ワインは温度で表情が大きく変わる

ワインは温度によって表情の出方が全く変わってきます。

それぞれのワインが持つ甘さと酸の強さなども関係しているのでしょうが、1〜2度違っただけで全然美味しさの感じ方が違うのです。


昔は何でも冷やしてくれとか、グラスの氷を入れてくれなど無理な注文もありましたが、人それぞれで体温や外気の温度の感じ方が違うので汗をかきやすい人とかきにくい人、筋肉量が多い人と少ない人ではかなり感覚が違ってきます。以前オリムピックのレスリング強化選手だった人と知り合ったのですが、冬場でもマンション高層階にある家の窓は開けっ放し。家族は厚着してしのいでいるそうです。真冬の車でも窓は全開!ただワインの美味しさという意味ではあまり関係ないのでこれは無視して話を進めていきます。

ワインは糖度が高いワインほど冷やすほどに糖度の感じ方が弱まってきます。かといって冷やしすぎると旨みの成分を感じにくくなってきます。

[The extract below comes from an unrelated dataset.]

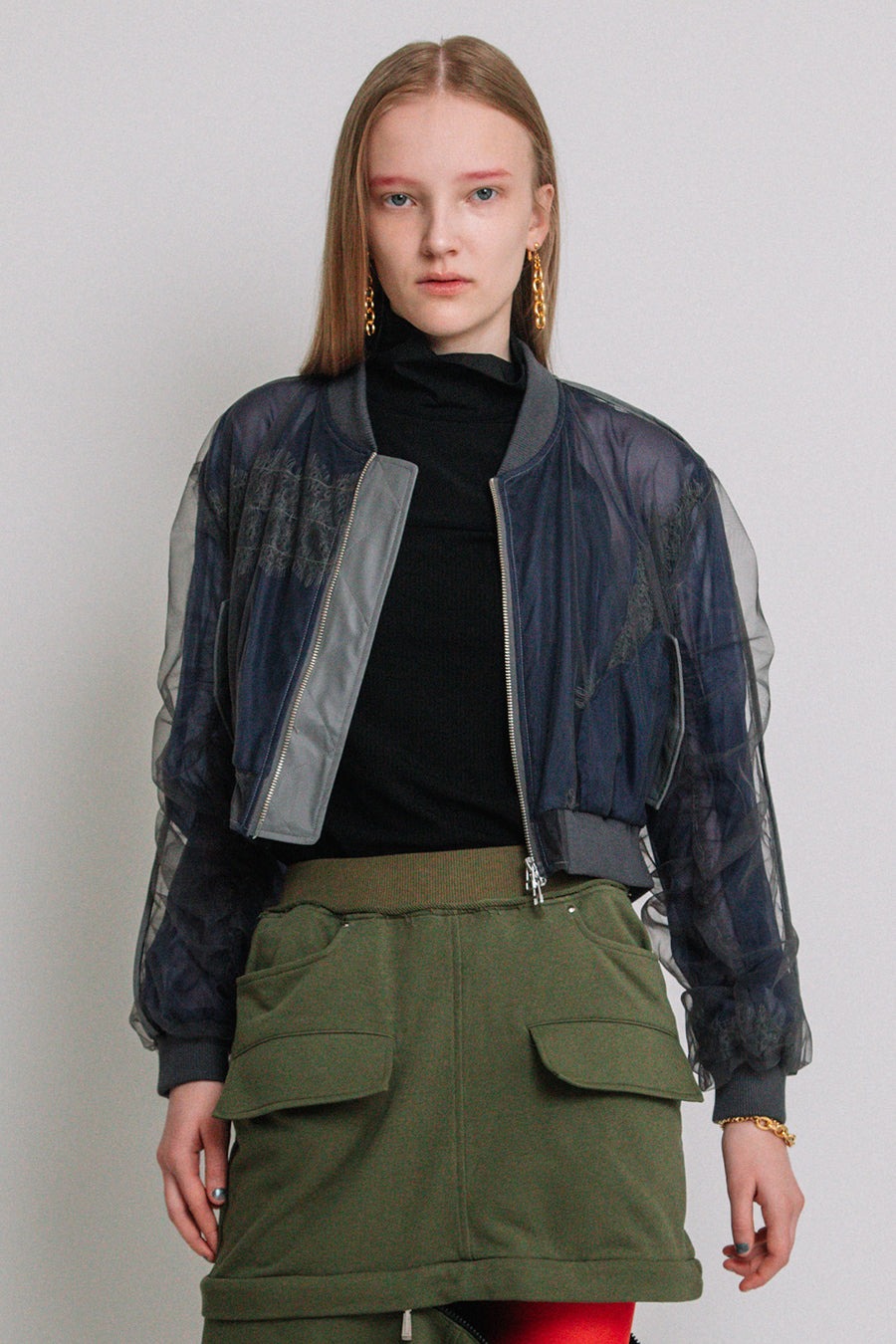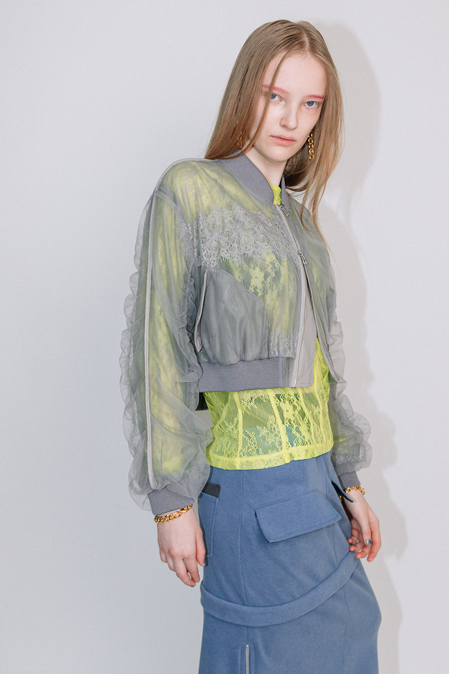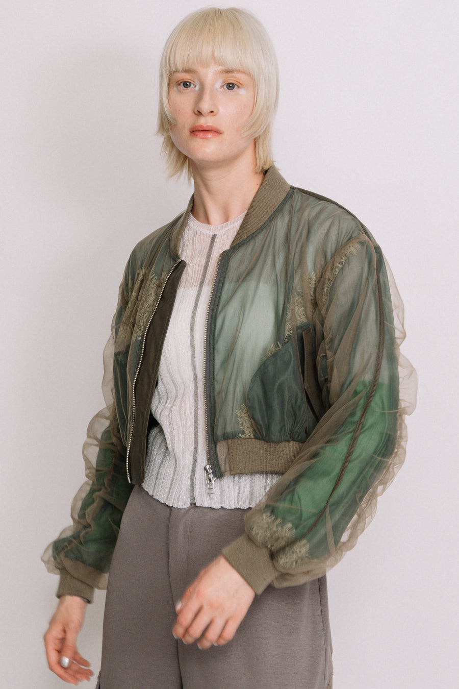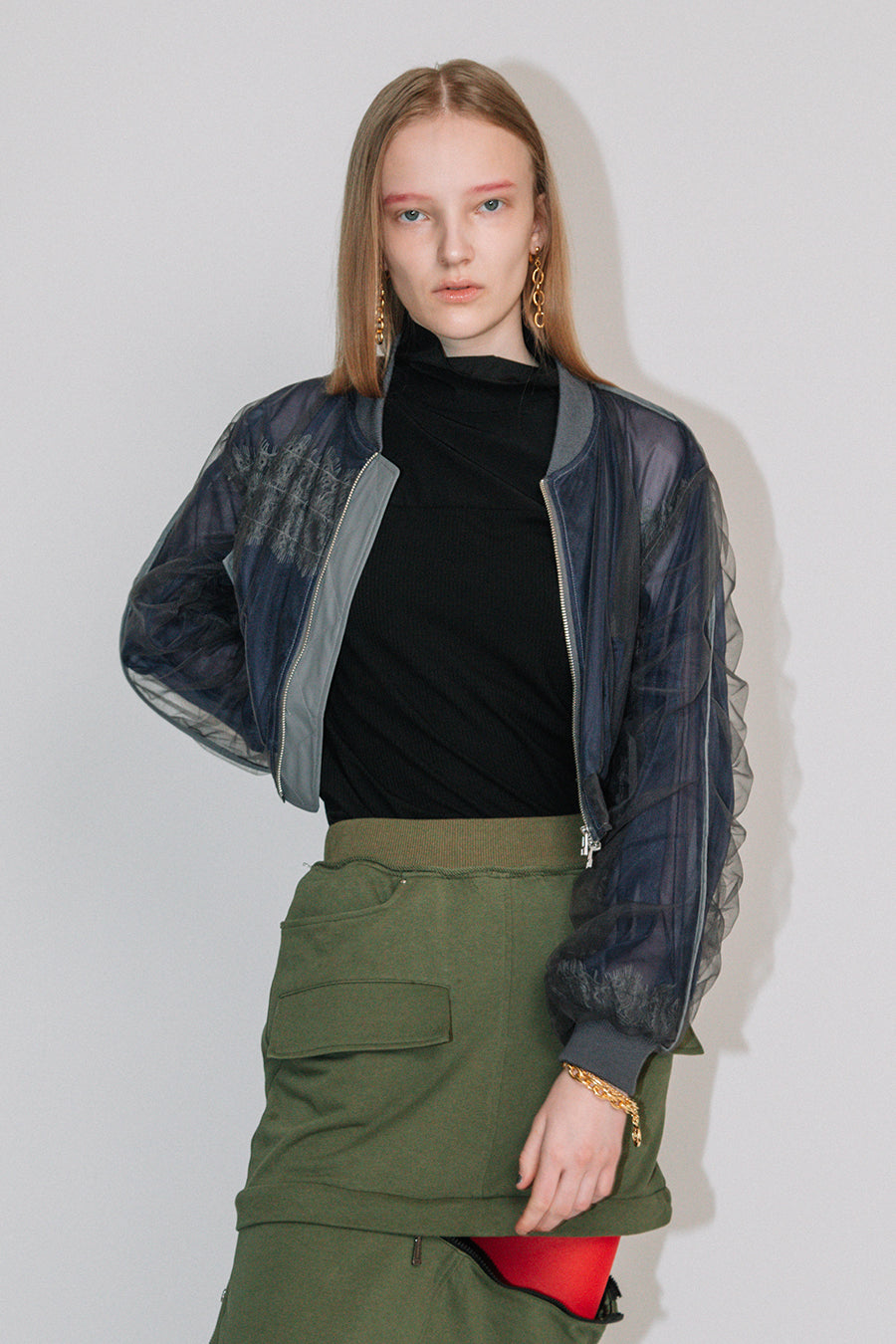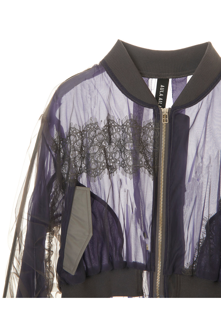 アシンメトリーに部分レースが付いた、シアーショートブルゾン。

ドライ系のワインほど冷やすほどに単調になりやすく、温度が高すぎるとぼやけてきます。一番大切なことはそのワインにとって焦点が合うようにしてやることです。まさにカメラの焦点のあわせ方と一緒ですが、カメラのように自動的に焦点を合わせてくれるような道具はワインの世界にはないので自分でしなくてはなりません。現在赤は14〜15度、白は9度前後、泡は7〜8度前後といわれているのはあくまでも折衷案です。


ドライで質感は凄く良いけど味わいに深さがなく単調に感じるシャンパン、しかし16度以上に持って行くと驚くほどの表情が出てくる、私はそんな経験をしたことがあります。何故コンディションの良いワインはちょっと低い温度14〜15度が良いかといえばそれは酸が健全だからです。酸がしっかりと存在しているワインの方が酸を生かすためには少し冷やし目が良いのです。レモンなどの果実を想像すると分かると思います。

しかし当然先ほどのシャンパンのように例外もあります。

最近感じたのはクリスタルムのピノを飲んだとき。まだ若い2015年ですが、温度が高いとちょっと新世界的な南の感じの雰囲気が出てきて鼻をつくのですが、ちょっと冷やし目にすると焦点が定まり彼の魅力を感じることが出来るようになります。これが1〜2年たつとまた扱いが違ってくる。

アルヘイトのワインは逆で冷やすとタイトでそれなりに美味しいのですが、ちょっとぬるめにすると驚くほどの要素が出てきて吃驚!白などはバタール・モンラッシェの様で赤もぬるいと表情が素晴らしい。まるで別物のワインのようなのです。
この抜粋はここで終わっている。